■ Directions ■
Images are to be dropped, and the rest of the data reproduced exactly.

━━━ Provided records

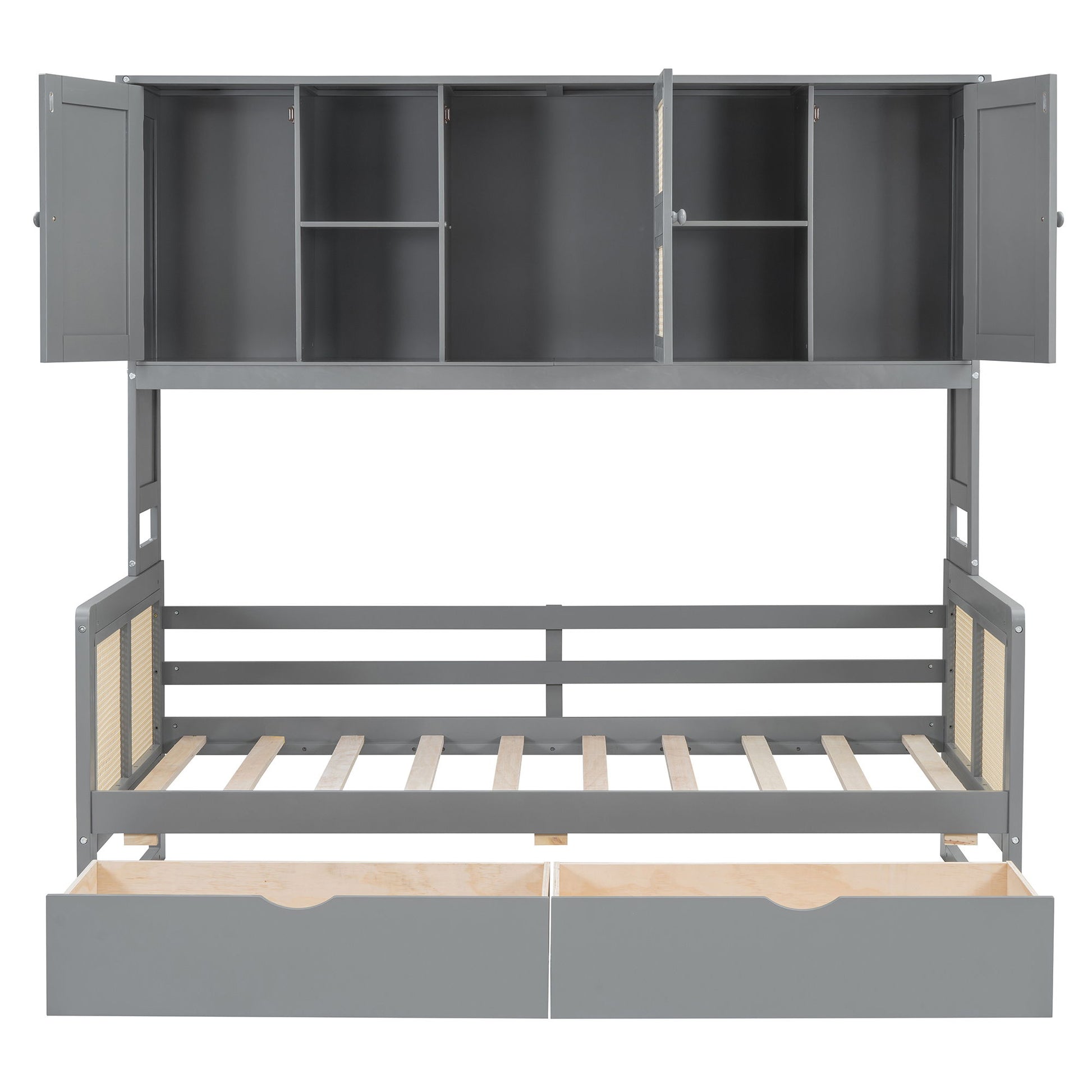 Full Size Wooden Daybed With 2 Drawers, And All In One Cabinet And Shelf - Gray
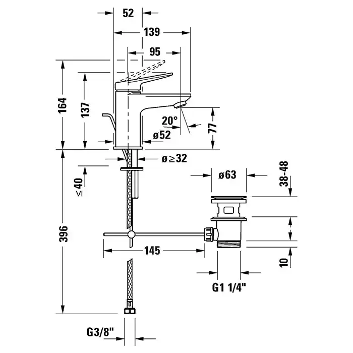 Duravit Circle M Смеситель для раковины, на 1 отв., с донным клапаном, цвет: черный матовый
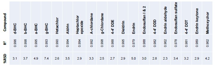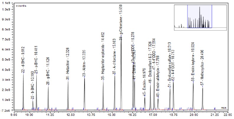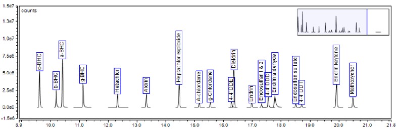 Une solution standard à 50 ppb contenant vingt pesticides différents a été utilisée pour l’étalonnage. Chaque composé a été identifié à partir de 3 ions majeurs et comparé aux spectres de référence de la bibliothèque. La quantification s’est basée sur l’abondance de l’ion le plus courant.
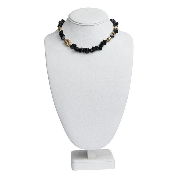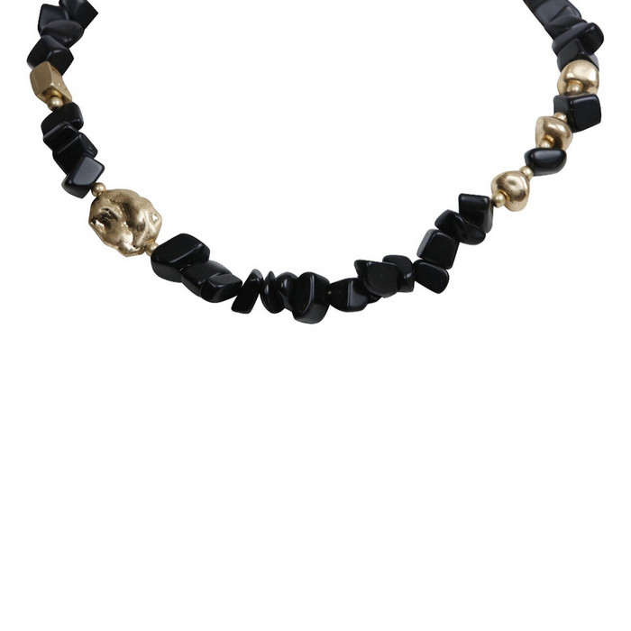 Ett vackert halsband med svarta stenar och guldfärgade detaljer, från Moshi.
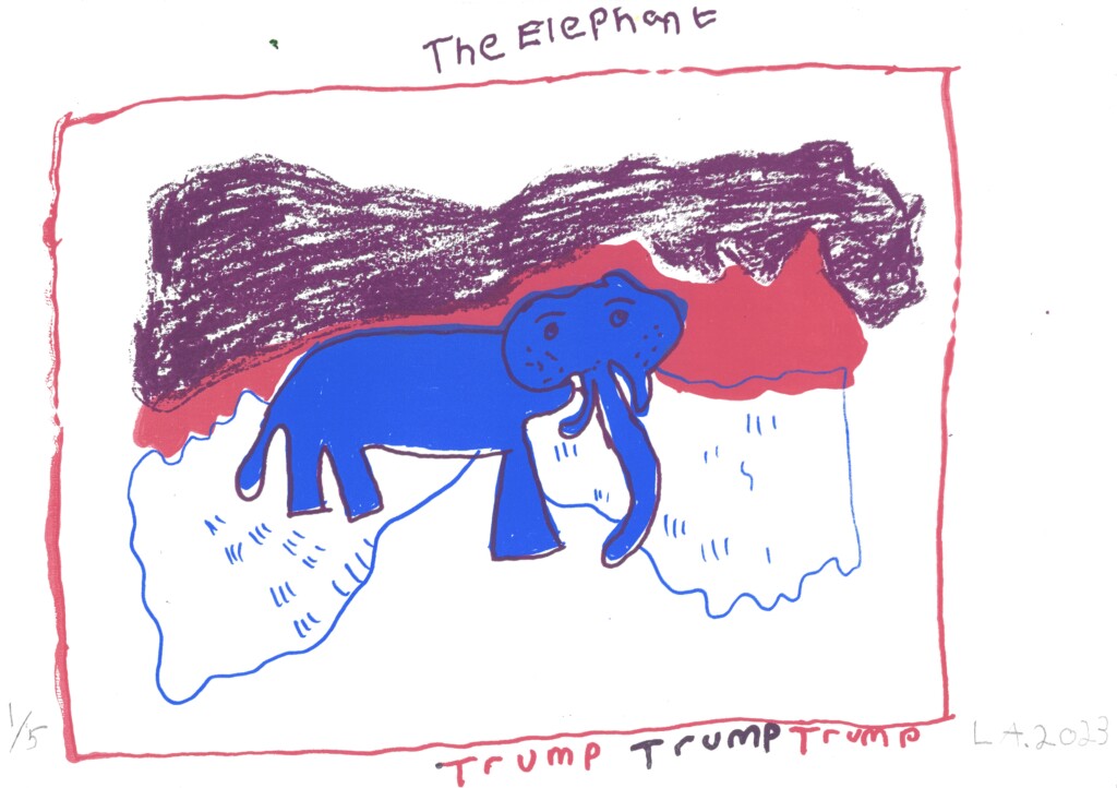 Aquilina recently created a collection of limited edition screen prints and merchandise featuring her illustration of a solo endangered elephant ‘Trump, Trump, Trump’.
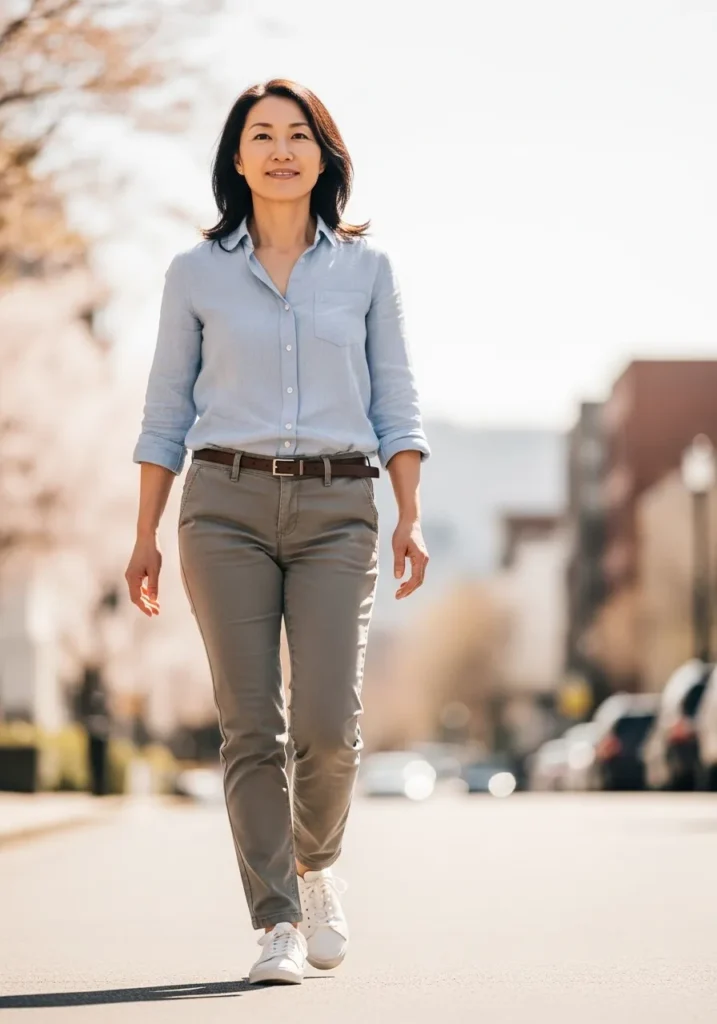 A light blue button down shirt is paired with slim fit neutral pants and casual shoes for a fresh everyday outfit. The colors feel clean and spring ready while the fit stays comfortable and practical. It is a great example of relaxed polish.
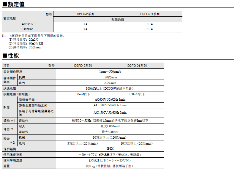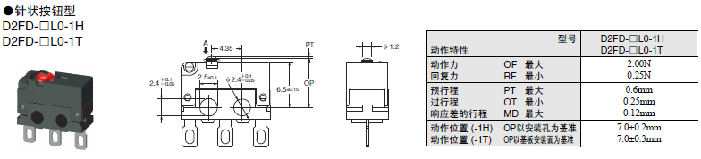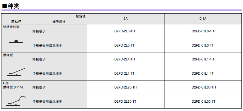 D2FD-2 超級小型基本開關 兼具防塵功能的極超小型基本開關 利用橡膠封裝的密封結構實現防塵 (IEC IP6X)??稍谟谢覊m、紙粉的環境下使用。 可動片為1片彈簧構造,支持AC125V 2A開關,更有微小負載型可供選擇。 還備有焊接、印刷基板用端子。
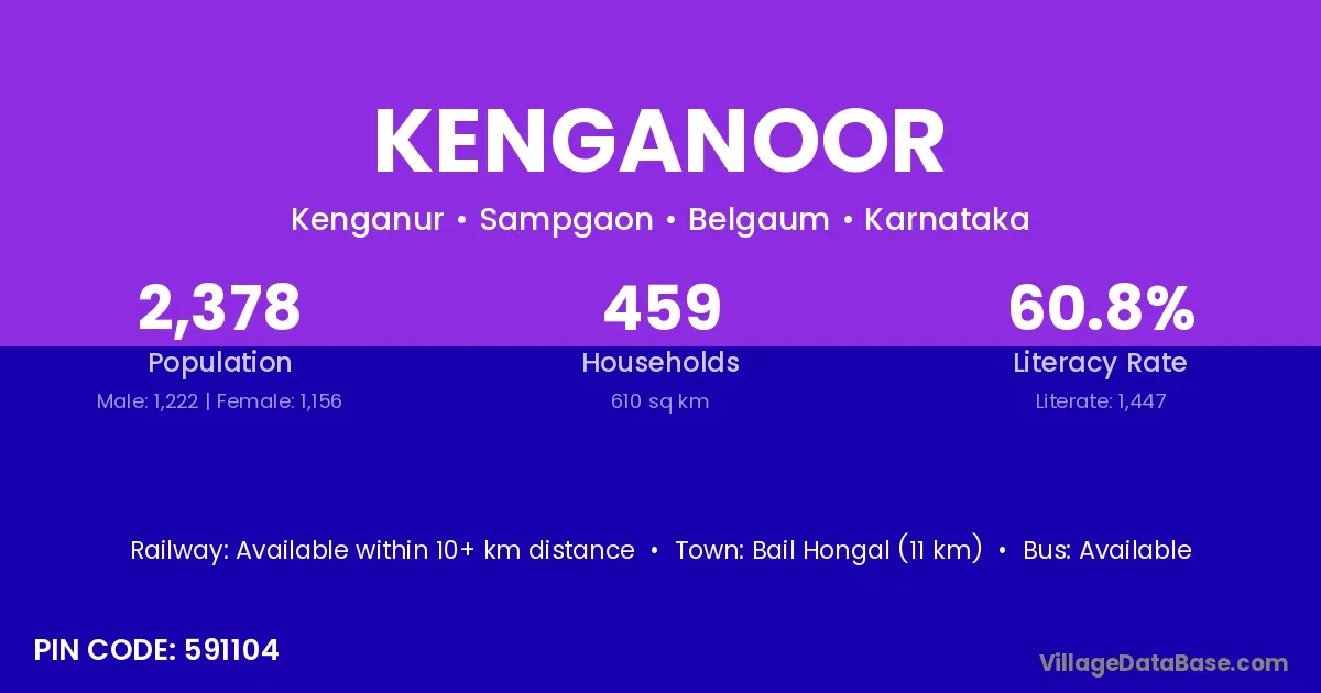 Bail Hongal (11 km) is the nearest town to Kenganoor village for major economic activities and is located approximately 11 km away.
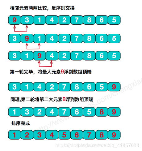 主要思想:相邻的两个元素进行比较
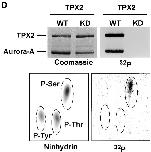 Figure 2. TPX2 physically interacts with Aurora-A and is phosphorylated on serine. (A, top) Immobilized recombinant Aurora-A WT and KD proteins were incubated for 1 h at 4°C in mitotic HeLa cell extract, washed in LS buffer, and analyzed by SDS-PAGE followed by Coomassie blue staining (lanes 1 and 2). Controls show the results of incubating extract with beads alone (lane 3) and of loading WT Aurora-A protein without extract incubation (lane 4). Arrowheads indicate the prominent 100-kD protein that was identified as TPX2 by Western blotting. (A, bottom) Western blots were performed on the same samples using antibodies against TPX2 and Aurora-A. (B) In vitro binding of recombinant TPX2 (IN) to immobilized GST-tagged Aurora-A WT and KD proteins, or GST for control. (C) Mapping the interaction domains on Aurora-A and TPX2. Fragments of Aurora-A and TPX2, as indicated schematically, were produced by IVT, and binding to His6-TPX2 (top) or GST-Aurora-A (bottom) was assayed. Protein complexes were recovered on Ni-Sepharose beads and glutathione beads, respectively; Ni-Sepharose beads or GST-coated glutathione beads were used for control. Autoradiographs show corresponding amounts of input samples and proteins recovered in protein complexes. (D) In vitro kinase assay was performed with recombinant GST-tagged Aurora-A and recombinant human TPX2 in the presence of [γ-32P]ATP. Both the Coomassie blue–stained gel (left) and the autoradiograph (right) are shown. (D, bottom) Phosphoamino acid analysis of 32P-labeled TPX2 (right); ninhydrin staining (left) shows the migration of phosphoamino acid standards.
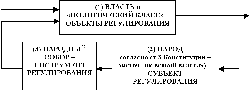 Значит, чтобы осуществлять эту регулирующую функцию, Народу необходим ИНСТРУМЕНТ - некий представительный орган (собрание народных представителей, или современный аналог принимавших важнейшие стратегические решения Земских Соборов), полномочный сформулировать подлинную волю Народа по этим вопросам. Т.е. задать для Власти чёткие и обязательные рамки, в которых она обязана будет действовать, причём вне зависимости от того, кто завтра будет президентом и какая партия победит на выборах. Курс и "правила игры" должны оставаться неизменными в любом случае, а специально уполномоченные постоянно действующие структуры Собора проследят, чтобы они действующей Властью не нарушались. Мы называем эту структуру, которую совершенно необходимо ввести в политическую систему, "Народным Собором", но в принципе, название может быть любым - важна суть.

━━━━━━

■ Response to this task ■
 Full Size Wooden Daybed With 2 Drawers, And All In One Cabinet And Shelf - Gray
 Duravit Circle M Смеситель для раковины, на 1 отв., с донным клапаном, цвет: черный матовый
 Une solution standard à 50 ppb contenant vingt pesticides différents a été utilisée pour l’étalonnage. Chaque composé a été identifié à partir de 3 ions majeurs et comparé aux spectres de référence de la bibliothèque. La quantification s’est basée sur l’abondance de l’ion le plus courant.
 Ett vackert halsband med svarta stenar och guldfärgade detaljer, från Moshi.
 Aquilina recently created a collection of limited edition screen prints and merchandise featuring her illustration of a solo endangered elephant ‘Trump, Trump, Trump’.
 A light blue button down shirt is paired with slim fit neutral pants and casual shoes for a fresh everyday outfit. The colors feel clean and spring ready while the fit stays comfortable and practical. It is a great example of relaxed polish.
 D2FD-2 超級小型基本開關 兼具防塵功能的極超小型基本開關 利用橡膠封裝的密封結構實現防塵 (IEC IP6X)??稍谟谢覊m、紙粉的環境下使用。 可動片為1片彈簧構造,支持AC125V 2A開關,更有微小負載型可供選擇。 還備有焊接、印刷基板用端子。
 Bail Hongal (11 km) is the nearest town to Kenganoor village for major economic activities and is located approximately 11 km away.
 主要思想:相邻的两个元素进行比较
 Figure 2. TPX2 physically interacts with Aurora-A and is phosphorylated on serine. (A, top) Immobilized recombinant Aurora-A WT and KD proteins were incubated for 1 h at 4°C in mitotic HeLa cell extract, washed in LS buffer, and analyzed by SDS-PAGE followed by Coomassie blue staining (lanes 1 and 2). Controls show the results of incubating extract with beads alone (lane 3) and of loading WT Aurora-A protein without extract incubation (lane 4). Arrowheads indicate the prominent 100-kD protein that was identified as TPX2 by Western blotting. (A, bottom) Western blots were performed on the same samples using antibodies against TPX2 and Aurora-A. (B) In vitro binding of recombinant TPX2 (IN) to immobilized GST-tagged Aurora-A WT and KD proteins, or GST for control. (C) Mapping the interaction domains on Aurora-A and TPX2. Fragments of Aurora-A and TPX2, as indicated schematically, were produced by IVT, and binding to His6-TPX2 (top) or GST-Aurora-A (bottom) was assayed. Protein complexes were recovered on Ni-Sepharose beads and glutathione beads, respectively; Ni-Sepharose beads or GST-coated glutathione beads were used for control. Autoradiographs show corresponding amounts of input samples and proteins recovered in protein complexes. (D) In vitro kinase assay was performed with recombinant GST-tagged Aurora-A and recombinant human TPX2 in the presence of [γ-32P]ATP. Both the Coomassie blue–stained gel (left) and the autoradiograph (right) are shown. (D, bottom) Phosphoamino acid analysis of 32P-labeled TPX2 (right); ninhydrin staining (left) shows the migration of phosphoamino acid standards.
 Значит, чтобы осуществлять эту регулирующую функцию, Народу необходим ИНСТРУМЕНТ - некий представительный орган (собрание народных представителей, или современный аналог принимавших важнейшие стратегические решения Земских Соборов), полномочный сформулировать подлинную волю Народа по этим вопросам. Т.е. задать для Власти чёткие и обязательные рамки, в которых она обязана будет действовать, причём вне зависимости от того, кто завтра будет президентом и какая партия победит на выборах. Курс и "правила игры" должны оставаться неизменными в любом случае, а специально уполномоченные постоянно действующие структуры Собора проследят, чтобы они действующей Властью не нарушались. Мы называем эту структуру, которую совершенно необходимо ввести в политическую систему, "Народным Собором", но в принципе, название может быть любым - важна суть.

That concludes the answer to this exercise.